We investigated common methods for semisupervised medical image segmentation and proposed the PMCL framework. Through experiments on these three datasets, it can be found that when using a small number of labeled images, the PMCL framework has a greater improvement than other methods. This is because the proportion of labeled data is smaller, the semisupervised method can utilize less reliable information, and the proportion of unlabeled data is higher. Therefore, the semisupervised method can extract more information from unlabeled data. At this point, different semisupervised learning methods have significant differences in their ability to extract information, resulting in significant differences in the final results.

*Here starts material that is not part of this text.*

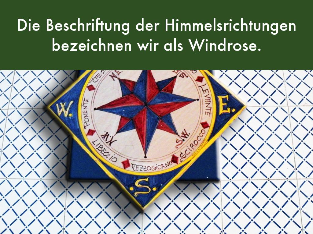 Die Beschriftung der Himmelsrichtungen bezeichnen wir als Windrose.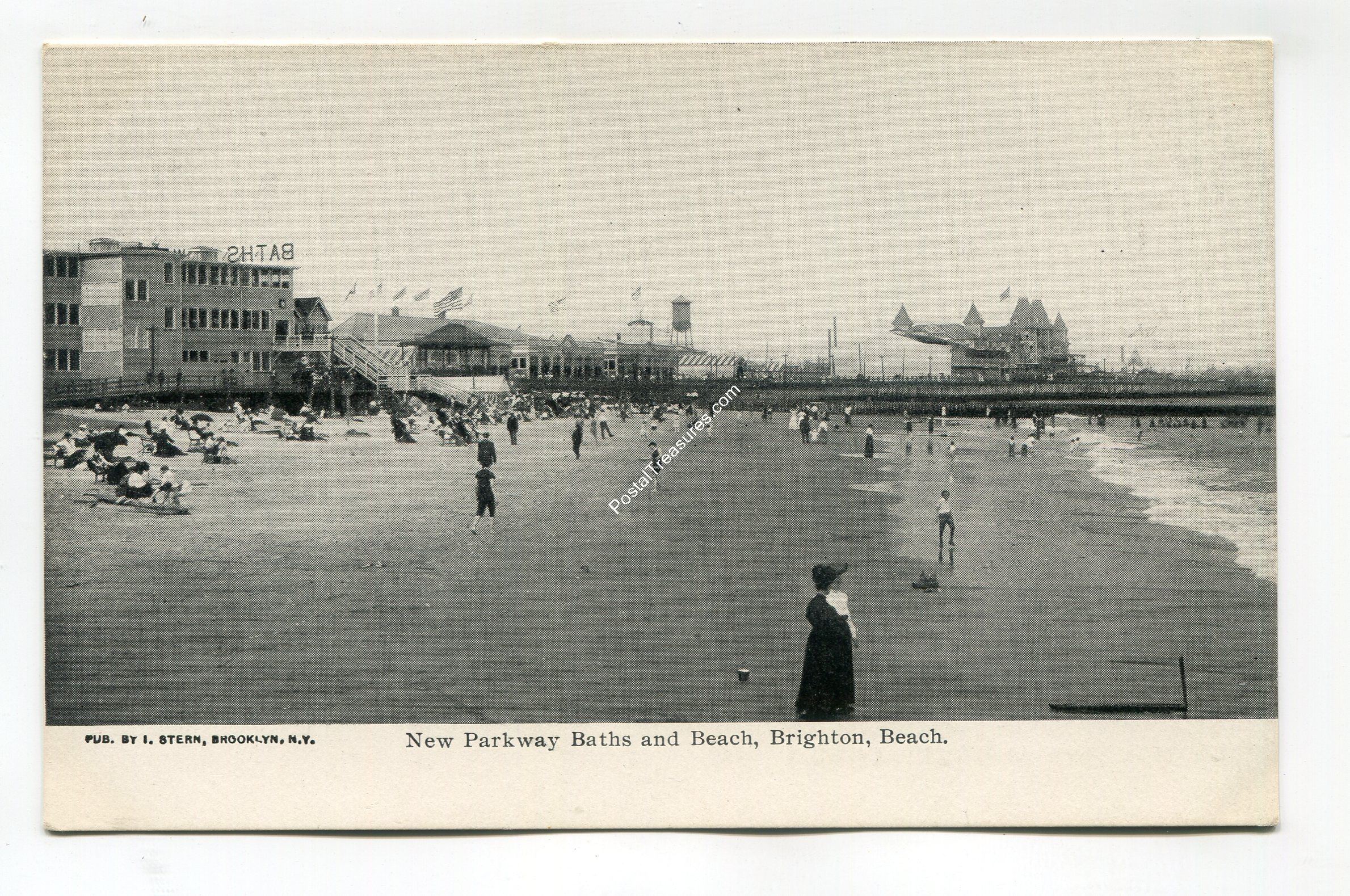 New Parkway Baths and Beach Brighton Beach New York postcard

From the experiment, it can be seen that the PMCL method can more fully utilize unlabeled images to improve network performance compared to other semisupervised methods. The proposed method makes full use of a mutual learning framework to improve its performance and robustness. We designed prototype mutual consistency learning to obtain more reliable consistency loss for unlabeled images and supervision mutual learning for labeled images. Experiments demonstrated that our method has potential in semisupervised segmentation tasks.

Data Availability

The data that support the findings of this study are available on request from the corresponding author.

Conflicts of Interest

The authors declare that they have no conflicts of interest.

Acknowledgments

This work was supported by the National Natural Science Foundation of China (grant number 62176181).